Welcome to practical physicsPracticle physics - practical activities designed for use in the classroom with 11 to 19 year olds

Stretched elastic band: an elastic store of energy

Class practical

Comparing the energy supplied from a stretched elastic band with the kinetic energy gained by a dynamics trolley.

Apparatus and materials

Dynamics trolley




Elastic band


Health & Safety and Technical notes

Long runways or heavy shorter ones should be handled by two persons. Ensure that a buffer is tied across the bottom of the runway, to prevent the trolley falling into anyone.

The runway must be adapted, as described in the experiment Energy carried by a moving trolley so that there is a catapult at one end. This is made with an elastic band stretched between dowel rods.

setting up the runway, trolley, and stretched elastic band


a The runway should be compensated for friction. (See the experiment Compensating for friction.)
Set up the catapult towards the upper end of the runway. Do this by stretching a 10 cm elastic band taut between two dowel rods. This should be at a height that will engage the vertical rod on the trolley firmly.
b Pull the trolley back so that the rubber band stretches.
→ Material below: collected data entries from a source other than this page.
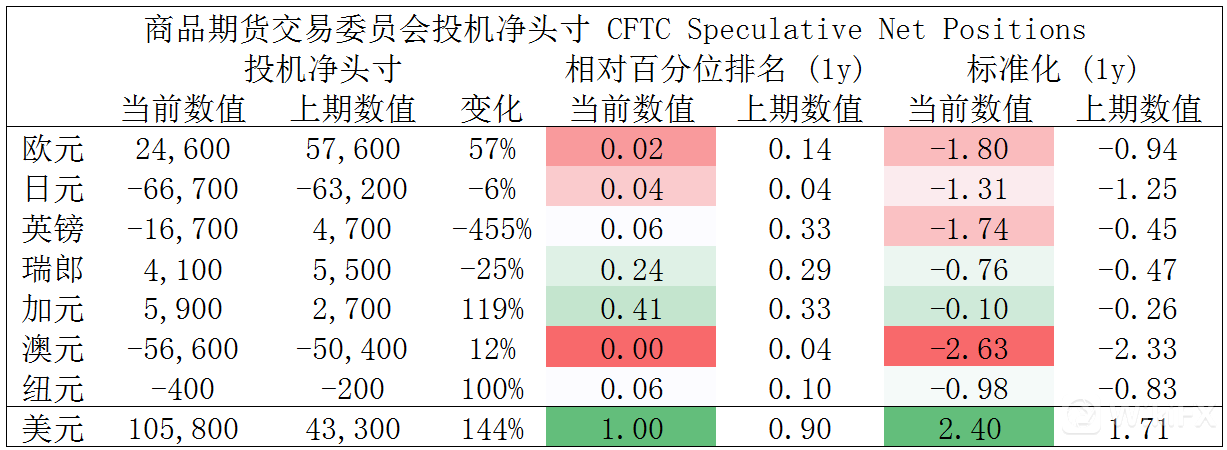 CFTC资金流数据显示,澳元、欧元空头处于极值,因此,预计短期随着资金流入并支持其回涨,另外,美元多头也处于极值。
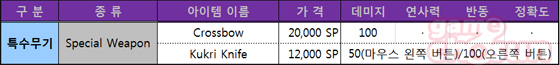 ... 이 무기가이드는 주무기, 보조무기, 특수무기/투척무기 등 총 3편으로 나뉘어 소개된다. <특수무기 / 투척무기 편> 지난 7월 오픈 리허설에서 공개된 FPS게임 '스페셜포스2'의 특수무기는 석궁, 쿠쿠리 나이프등 2종이 있으며, 향후 지속적으로 실존 특수장비들이
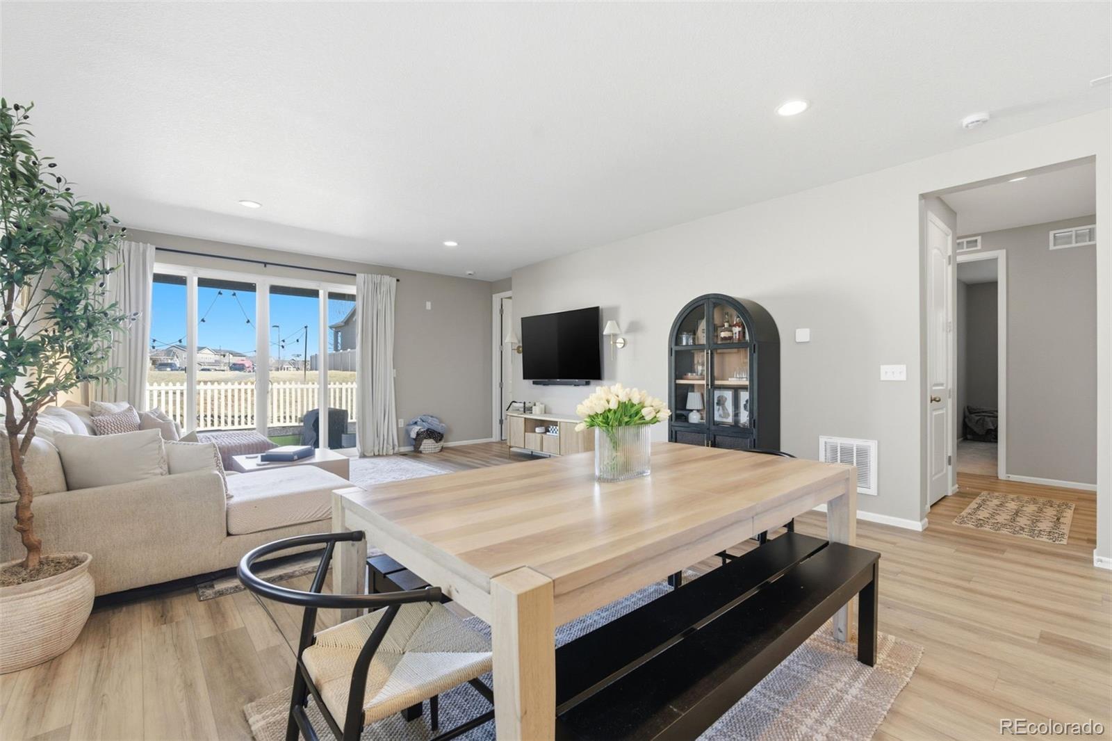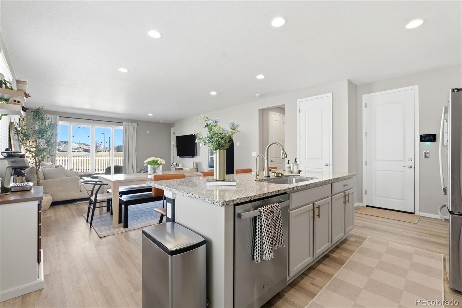 Welcome home to this beautifully designed ranch-style 2023 single-family residence in Henderson, where modern finishes meet a warm, inviting feel that instantly puts you at ease. With all living on the main level, this thoughtfully designed home offers 3 bedrooms, 2 bathrooms, and 1,742 finished square feet, providing effortless, single-level living that feels anything but builder-basic. The open-concept main living space is filled with natural light and flows seamlessly into a modern, entertainer-friendly kitchen featuring stainless steel appliances, a large island with breakfast seating, and elevated finishes that set it apart from typical new construction. A large sliding glass door connects the living area to the covered back patio, creating incredible indoor/outdoor living and making the space perfect for both everyday comfort and hosting. The main-floor primary suite offers a peaceful retreat with a spacious walk-in closet and an en-suite bath complete with a walk-in shower. Two additional bedrooms and a full bath provide flexibility for guests, a home office, or hobbies. Outside, enjoy a fully fenced, low-maintenance turf yard designed for easy living, along with a covered patio ideal for relaxing evenings or weekend gatherings. The attached 3-car garage is generously sized and includes ample room for storage, gear, and workspace. With a brand-new roof installed in January 2026 this home offers peace of mind and a truly low-stress lifestyle. An added bonus for the area: no metro district tax, helping keep ownership costs lower than many nearby communities. The HOA covers trash and recycling, simplifying day-to-day living. Conveniently located with easy highway access and nearby trails, this Henderson home is ideal for first-time buyers or empty nesters seeking comfort, functionality, and a welcoming place to call home.
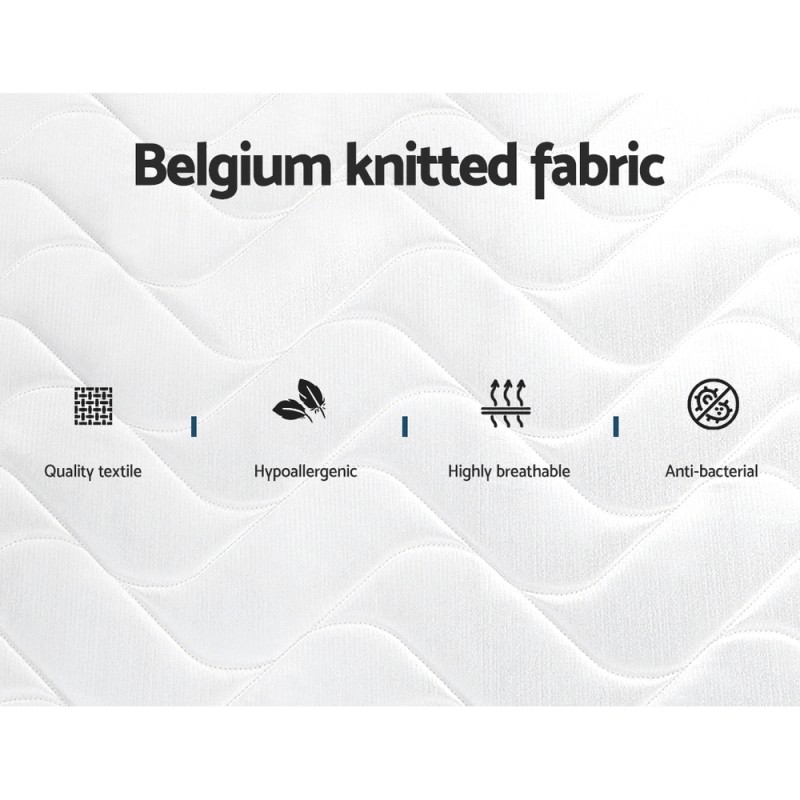 Experience unparalleled comfort with the Giselle Bedding Alessio Series Mattress. Designed for those in need of a medium-firm solution, this 13cm Bonnell spring mattress provides exceptional support to alleviate muscle and body aches. Encased in luxury knitted fabric with a soft quilting top, it features high-density foam and a 6-turn coil system for zero partner disturbance. Hypoallergenic and resistant to dust mites and mould, this mattress ensures a healthier, more restful sleep.

Measure the distance that the trolley has been pulled back from its initial point in increments of 1.0 cm. Energy will be stored in the catapult. Release the trolley and obtain a ticker-tape record of its constant velocity. Calculate its kinetic energy = 1/2 mv2.
c Repeat the experiment, obtaining ticker-tape records for the trolley after it has been pulled back through various known distances. See also the experiment Using the ticker-timer to measure time.

pull back the trolley, stretching the elastic band

d Pull the trolley back from the initial mark with the forcemeter. Note the forcemeter reading at 1 cm intervals, for a range of distances covering the distances used to obtain the ticker-tape records.

graph of force against distance pulled back

e Plot a graph of ‘force’ against ‘distance pulled back’ as shown in the diagram.


Teaching notes

1 This experiment is not easy. Students should not expect more than general agreement between their values of the elastic (strain) energy lost and kinetic energy gained.
2 Stopwatches and metre rules, or light gates, could be used instead of tape and timers.
3 On the graph of force against distance pulled back, a small part of the distance pulled back is selected and vertical lines drawn up to meet the curve. The area of that small section gives the force x distance pulled back. This is the energy transferred from the chemical store (fuel + oxygen) in muscles to the elastic energy in the elastic band, in stretching the band that small distance.
Count the squares to work out the total area under the graph from the beginning of the loading process, when the forcemeter begins to extend the rubber band, to the total distance pulled back. This gives the total energy transferred to the rubber band for that particular distance pulled back. When the elastic band is extended by the trolley pushing into it and then the trolley is released, this strain energy in the elastic band will be transferred to kinetic energy of the trolley.

force against distance graph 4 If a spring were used instead of a rubber band, the shape of the graph would be a straight line. Instead of working out the area under the graph by counting squares, it could be calculated as
1/2 x force x distance pulled back
because the area under the graph would be a triangle.
5 Compare the values for the elastic energy and kinetic energy. Discuss why they might not be equal (e.g. energy used to warm the rubber band).